Злобный вихрь затих…
Все, что от него осталось, —
Дальний шум валов.
В сельской местности, в глубинных префектурах и в прибрежной полосе, где японские крестьяне самым первобытным, прадедовским способом вычерпывают воду из источников и колодцев при помощи «старой дубовой бадьи», в простом народе живет древний традиционный обряд – наполнение первой бадьи воды в новом году. Примечательно, что эта «вакамидзу» – «молодая вода» – прекрасно воспета японскими поэтами и народными сказителями многих поколений. Мидзу, в особенности чистая родниковая вода – природный источник жизни и здоровья, неизменно вызывала у японцев чувства признательности, благоговейного поклонения.
По очень древнему обычаю, японские крестьяне поднимаются в первый день нового года на самой заре, вместе с солнцем, умываются «молодой водой», облачаются в новые праздничные кимоно и всей семьей во главе со старейшим в роду собираются в лучшей комнате своего дома. Здесь, под кровом своих предков, они чинно обмениваются новогодними поздравлениями, добрыми пожеланиями и, дорожа новогодним мгновением, чтобы испить «живой воды», мирно угощаются «фукутя» – «чаем благополучия». Он готовится из свежей ключевой воды в старинной бронзовой или чугунной посуде, безупречно вычищенной внутри и с густым слоем сажи, закопченной на огне от долголетнего пользования. Пьют сельчане обычно зеленый чай в виде засушенных листьев темно-зеленого оттенка или напиток из специально обработанных морских водорослей, богатых йодистыми веществами и минеральными солями. При этом подаются особо приготовленные просоленные абрикосы. С древней поры считается, что зеленый чай и острые маринованные абрикосы и сливы, благодаря их целебным свойствам, оберегают человека от разного рода недугов и болезней. «Друзья что маринованные сливы: чем старше, тем лучше», – гласит японская поговорка.

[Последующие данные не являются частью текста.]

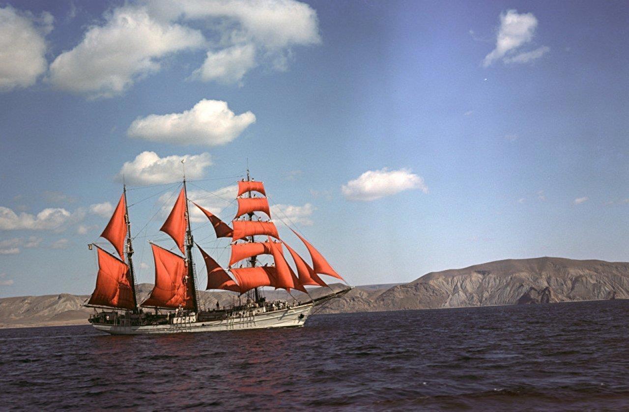 Самым ярким во всех смыслах этого слова стал, конечно же, кинодебют баркентины «Альфа».Учебный парусник ростовский мореходки передали для сьемок фильма по роману Александра Грина. Разумеется, «главной фишкой» должны были стать знаменитые паруса. Ткань взяли на фабрике по производству пионерских галстуков. Правда, киношникам пришлось проявить немало технической сноровки., чтобы добиться адекватной передачи цвета на тогдашней советской кинопленке. Времени у них было немного – тонкий шелк оказался не очень хорошей заменой настоящей парусине и быстро истрепался. После окончания сьемки часть ткани подарили училищу и ростовские курсанты некоторое время выделялись невиданными в СССР алыми шелковыми майками…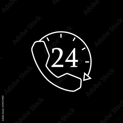 Full time call services line icon, seo & development, help and support sign, a linear pattern on a black background, eps 10.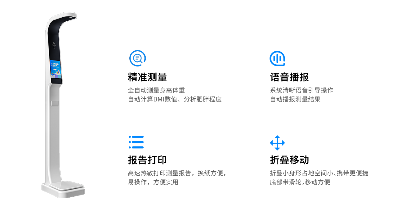 多功能一体化测量,秒级测量基础指标,包括超声波体检、精密平衡梁电阻感应和语音播报功能,操作简便,适用于批量体检需求。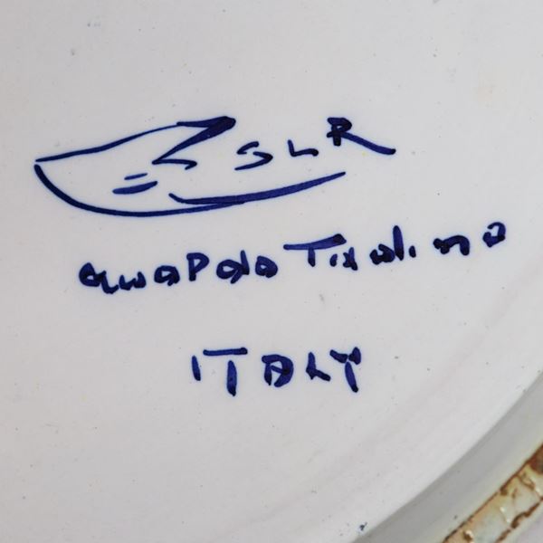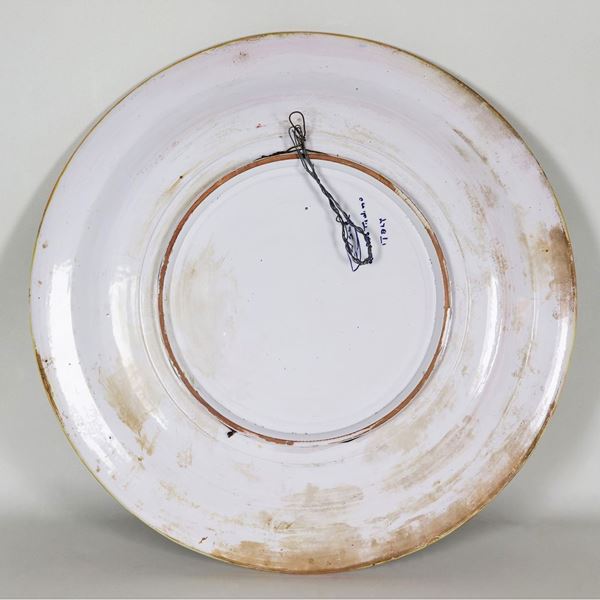 Grande piatto da parata S.C. Robbia Gualdo Tadino con al centro scena mitologica a varie policromie, bordo a motivi di draghi e cariatidi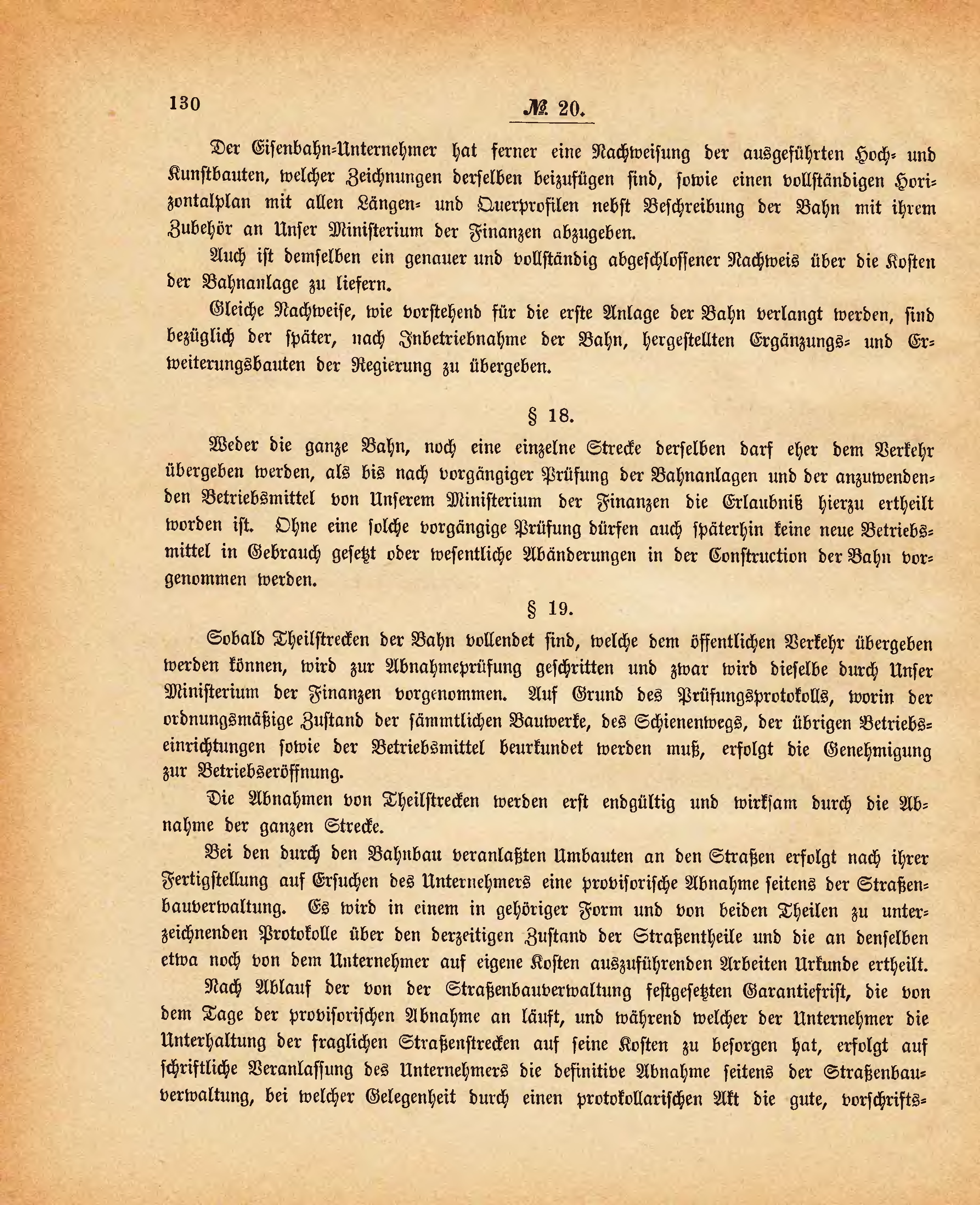 Sobald Theilstrecken der Bahn vollendet sind, welche dem öffentlichen Verkehr übergeben werden können, wird zur Abnahmeprüfung geschritten und zwar wird dieselbe durch Unser Ministerium der Finanzen vorgenommen. Auf Grund des Prüfungsprotokolls, worin der ordnungsmäßige Zustand der sämmtlichen Bauwerke, des Schienenwegs, der übrigen Betriebseinrichtungen sowie der Betriebsmittel beurkundet werden muß, erfolgt die Genehmigung zur Betriebseröffnung.

С нашей мансарды, несколько возвышающейся над остальными строениями, открывается широкая окрестная панорама. Обаяние своеобразной природы этих мест, их неизъяснимая атмосфера, близкое дыхание океанской громады, неугомонный морской плеск – все это наполняет сердце какой-то мечтательностью, чувством благоговения.
Иногда нам кажется, что мы плывем на парусной яхте и над нами возникают все новые светящиеся облака, белоснежные и лучистые, легко и стремительно уплывающие на север, к невидимым причалам, родной сибирской дали.
Тосио сан, напомнив о нашей новогодней встрече прошлой ночью в доме Охара сэнсэй, с отменной вежливостью выражает удовольствие по поводу сердечности атмосферы и интересного собеседования. Он также передает благодарность от Охара сэнсэй за честь, которая была оказана его дому нашим вчерашним визитом к ученому.
Затем Тосио сан приносит из гостиной комнаты привезенный им шелковый платок – фуросики, расписанный стилизованными иероглифами, и, развязав его ловкими движениями пальцев, извлекает небольшой бумажный свиток.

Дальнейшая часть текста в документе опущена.